Prompt: Write out the data below in full, unchanged, minus the images.

Data section:
___
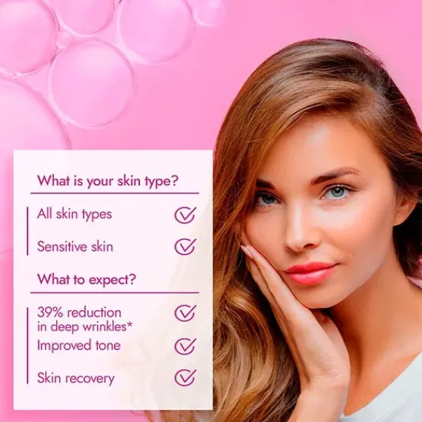 Adecuado para todos los signos del envejecimiento: falta de elasticidad, arrugas y tono de piel desigual.
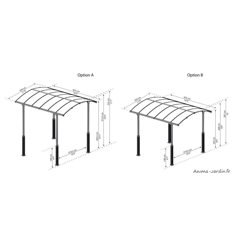 Optez pour ce grand carport en aluminium. Avec une hauteur réglable de 307 à 352 cm, ce carport sera idéal pur vos véhicules haut. Trouvez votre carport idéal grâce à ces différentes dimensions disponibles. Son vitrage en polycarbonate est ultra-résistant aux fortes intempéries ainsi qu'aux rayons UV.
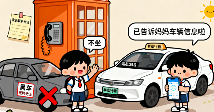 2选择正规出行方式:不乘坐无牌无证、超员超载、车况不良的车辆,如“黑车”“摩的”等。如果需要乘坐网约车,要提前将车辆信息(车牌号、司机姓名、联系方式)告知家长或老师,并在乘车过程中实时共享行程位置。
___
Task solution:
 Adecuado para todos los signos del envejecimiento: falta de elasticidad, arrugas y tono de piel desigual.
 Optez pour ce grand carport en aluminium. Avec une hauteur réglable de 307 à 352 cm, ce carport sera idéal pur vos véhicules haut. Trouvez votre carport idéal grâce à ces différentes dimensions disponibles. Son vitrage en polycarbonate est ultra-résistant aux fortes intempéries ainsi qu'aux rayons UV.
 2选择正规出行方式:不乘坐无牌无证、超员超载、车况不良的车辆,如“黑车”“摩的”等。如果需要乘坐网约车,要提前将车辆信息(车牌号、司机姓名、联系方式)告知家长或老师,并在乘车过程中实时共享行程位置。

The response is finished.